Any dimmer switches in your house? I used to get weird hums when the dimmer in the dining room was on...
posted by clarahamster at 7:23 PM on February 12, 2007


ikkyu2 is correct. This is a grounding issue. I had the same problem on a cheap hollowbody. To compound problems, I was playing through a Fender Super Twin that was also ungrounded. I nearly spot-welded to the mic when attempting to sing. You should loop that wire.
posted by KevinSkomsvold at 8:48 PM on February 12, 2007


Response by poster: should I pull apart the tone/volume/pickup switch control and take a picture of it, and post it? Would this help?

perhaps I should pull apart the 1/4" jack and check to see if there are some loose connections there...

as always, I appreciate the help!
posted by jimmyhutch at 10:17 PM on February 12, 2007


Bothersome electronics bugbear! I'd recommend getting on to the Harmony Central forums- they have the interwebs full comission of guitar tech-heads there! Sections for electronics bits, and electric gits.
posted by Joe Rocket at 1:47 AM on February 13, 2007


should I pull apart the tone/volume/pickup switch control and take a picture of it, and post it? Would this help?

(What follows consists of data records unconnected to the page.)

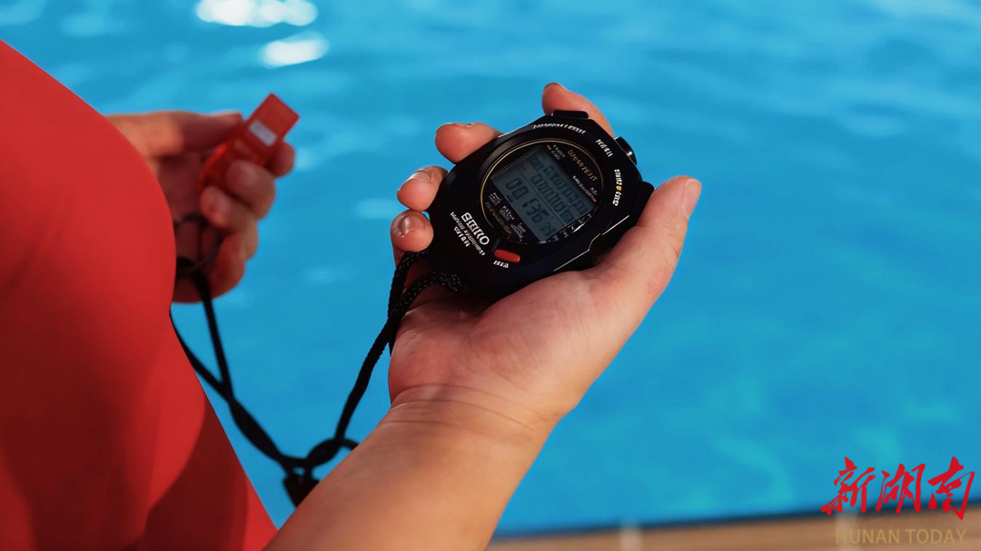 掐着秒表的手用力一挥,划出一道短促有力的弧线,在队员手指触碰池边的同时掐表。这个动作龚茜每堂训练课要重复几十次,充满了力量和美感。
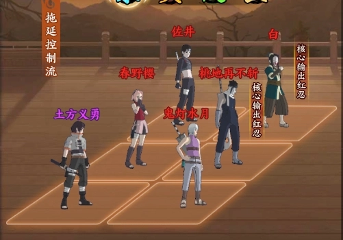 五号位:重吾承担补充输出的职责,在确保自身存活的前提下削减敌方查克拉,以此限制敌方的行动能力。
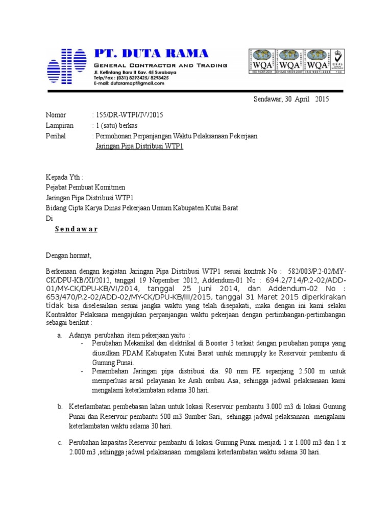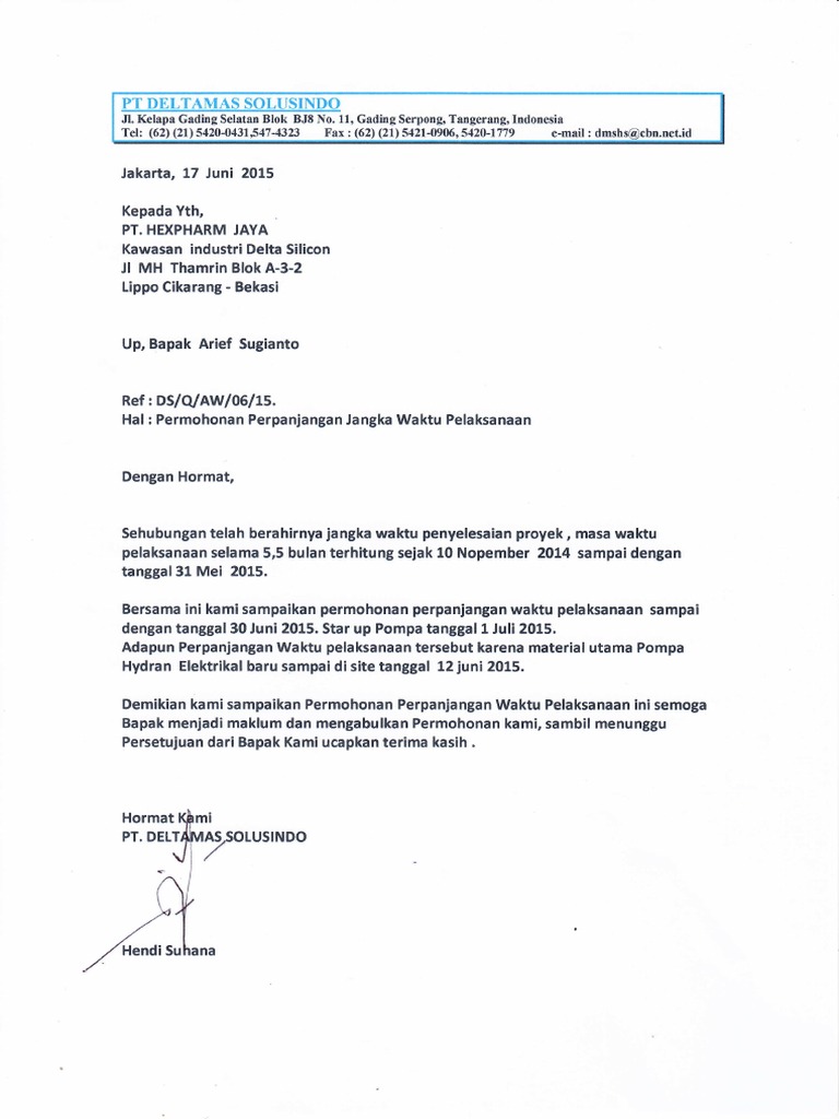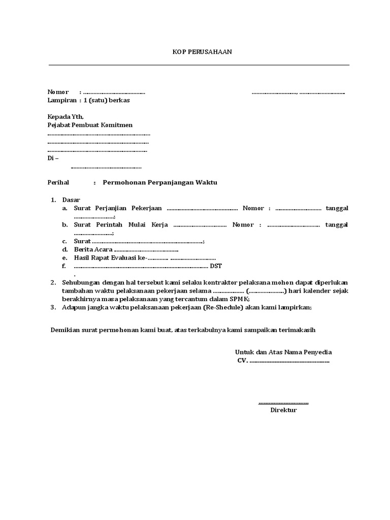 Surat Permohonan Perpanjangan Waktu Dri Cv Pdf
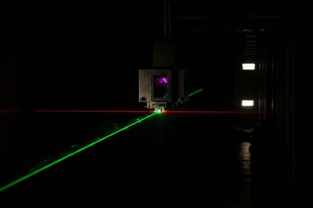 Una volta montato ed assemblato il tutto, fissatelo ad un supporto stabile orientato verso un corpo nero non infiammabile (AVETE LETTO LE REGOLE DI SICUREZZA; VERO?), indossate gli occhiali di protezione ed accendete! In questa foto potete vedere il laser, assemblato e montato su una aletta di raffreddamento di cirda 4×4 centimetri, che proietta il suo fascio verso quell’oggetto rotondo che altro non è che un misuratore di potenza professionale. Risultato: 108 milliWatt!! (Quello sullo sfondo è il fascio blu di un laser ad Argon, ma è tutta un’altra storia)
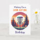 Birthday card for him. An ai illustration of a disc golf course with basket, pine trees and sunset in an 8-bit pixel art gaming vibes style.
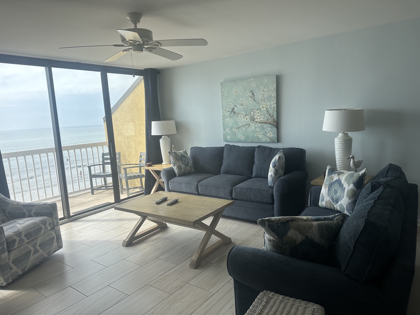 The spacious living room offers an open layout with coastal décor, providing ample seating and spectacular ocean views. Large sliding glass doors lead to the private balcony, where you can enjoy the sunrise and endless ocean views.
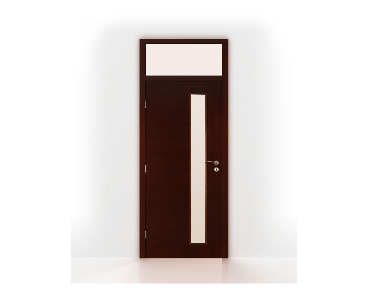 Like components of a cubist painting, frosted white glass panels are positioned this way and that on this modern transom interior door. It is made of solid wood with a wenge veneer applied on top with careful attention to the direction of the grain. Wenge is a rich dark brown wood found in Africa and is prized for its elaborate feather like grain. This interior design door is also set in a matching wenge frame and has coordinating hardware in a sleek satin chrome finish. The juxtaposition of dark wood and frosted glass has an undeniable edge that could be seen as entirely modern, or even Asian-influenced, like a Shoji screen. This designer door would look fabulous paired with modern furnishings in a high rise office in Manhattan. Alternately, it would serve well in a modern bathroom suite, where style is just as important as functionality.
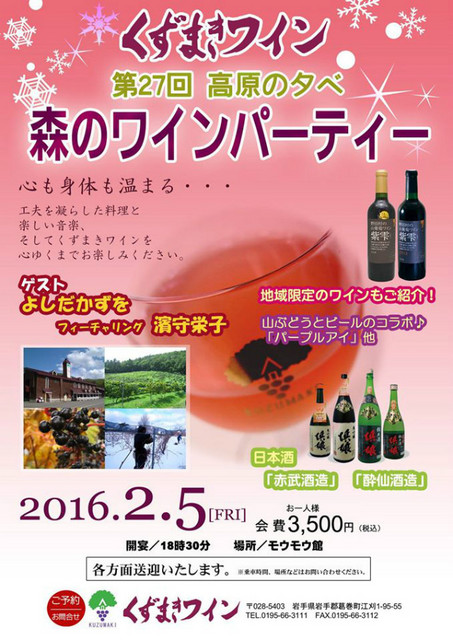 「くずまきワイン」と「美味しい食事」と「素敵な音楽」が楽しめるイベントが開催されます。 心も身体も温まって、ほっこりしてみてはいかがでしょ... 続きを読む
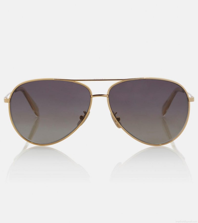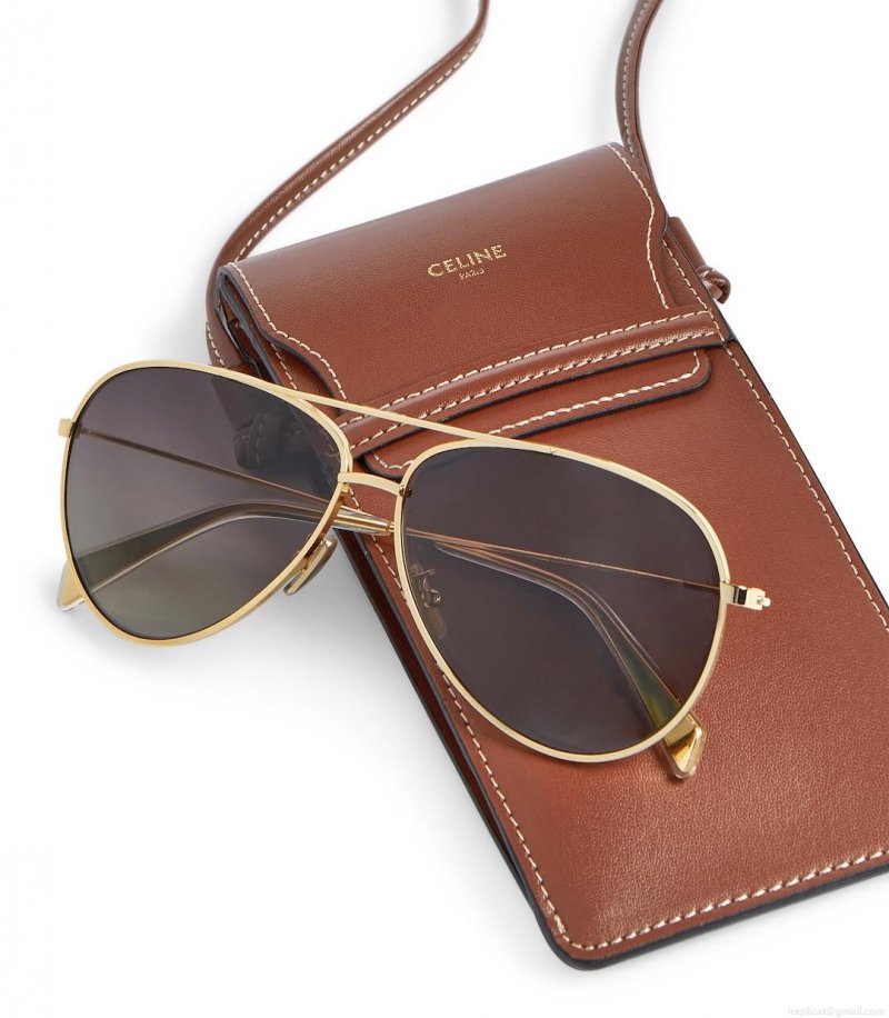 Celine Eyewear's aviator sunglasses are a classic silhouette that will never go out of style. Made from lightweight golden metal, they have adjustable nosepads and capped earpieces for a comfortable, secure fit. They come in an elegant brown leather pouch that can be carried over the shoulder or across the body.
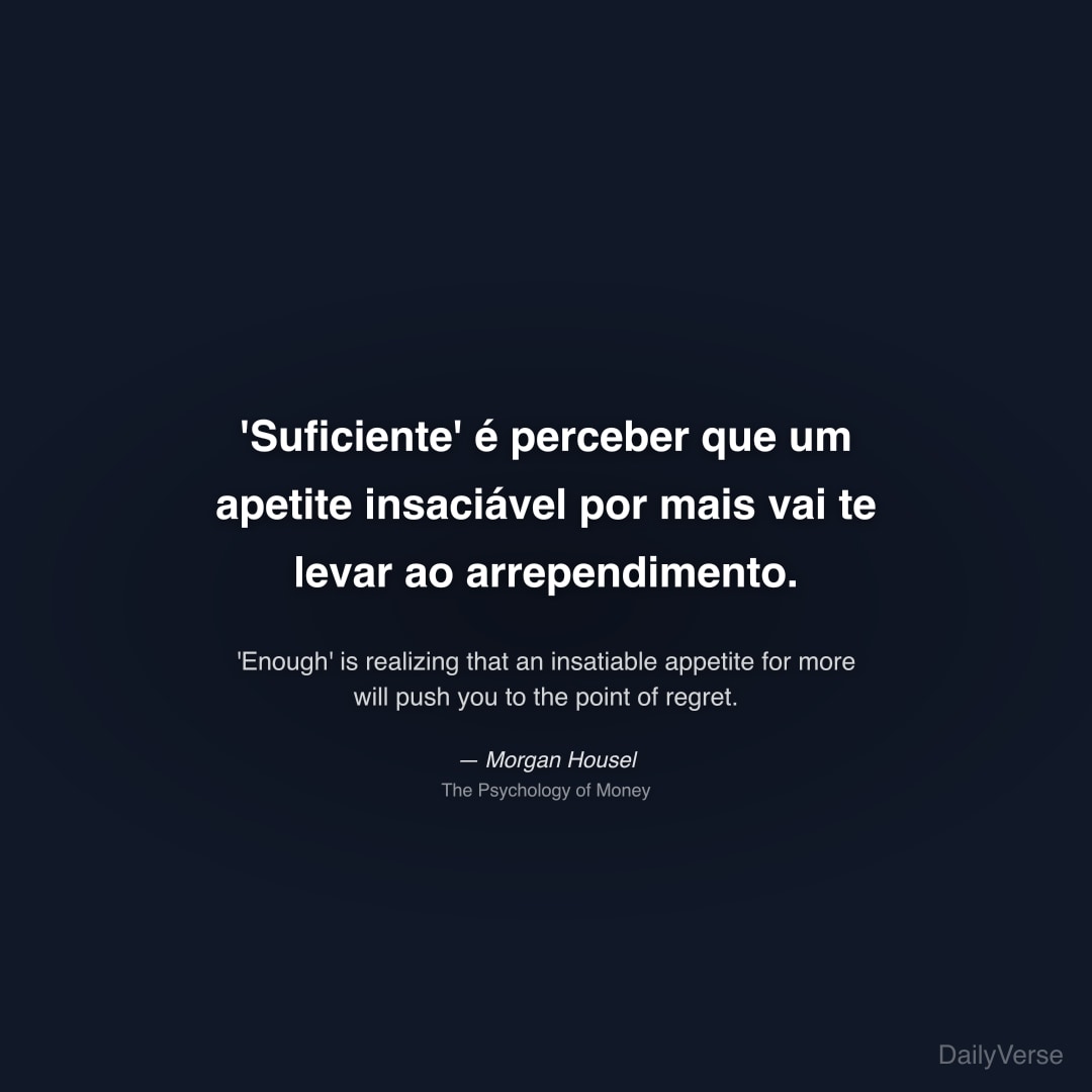 "'Suficiente' é perceber que um apetite insaciável por mais vai te levar ao arrependimento." — Morgan Housel
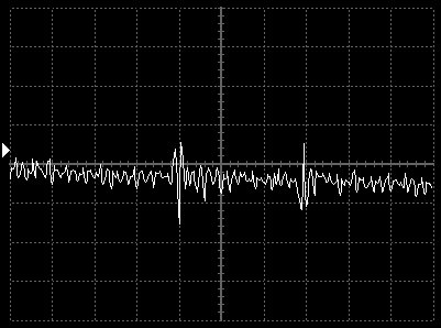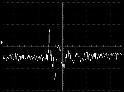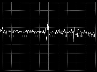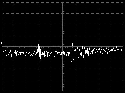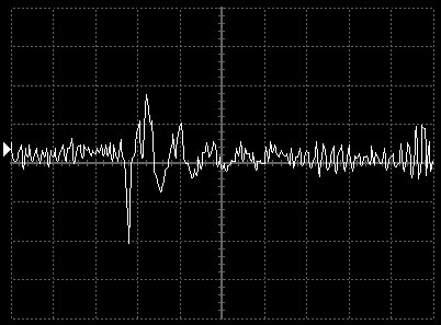 Empfindlichkeit pro Bildschirmteilung: 10 Millivolt (im Bild Vertical CH.A, Einstellung AC).

No, unless it sounds like fun to you.

Go buy one of these. Set it on Ohms. Plug a cable into your guitar. Hold one of the multimeter's leads firmly against the metal sheath of the plug on the other end of the cable (the ground connection), then use the other lead to test the ground connections of the pickups, the volume and tone switch, the switchplate, the bridgeplate, the strings and the tuners.

When you find something that is not in continuity with ground, solder it to something that is.
posted by ikkyu2 at 5:06 AM on February 13, 2007


Fenders are notorious for ground hums.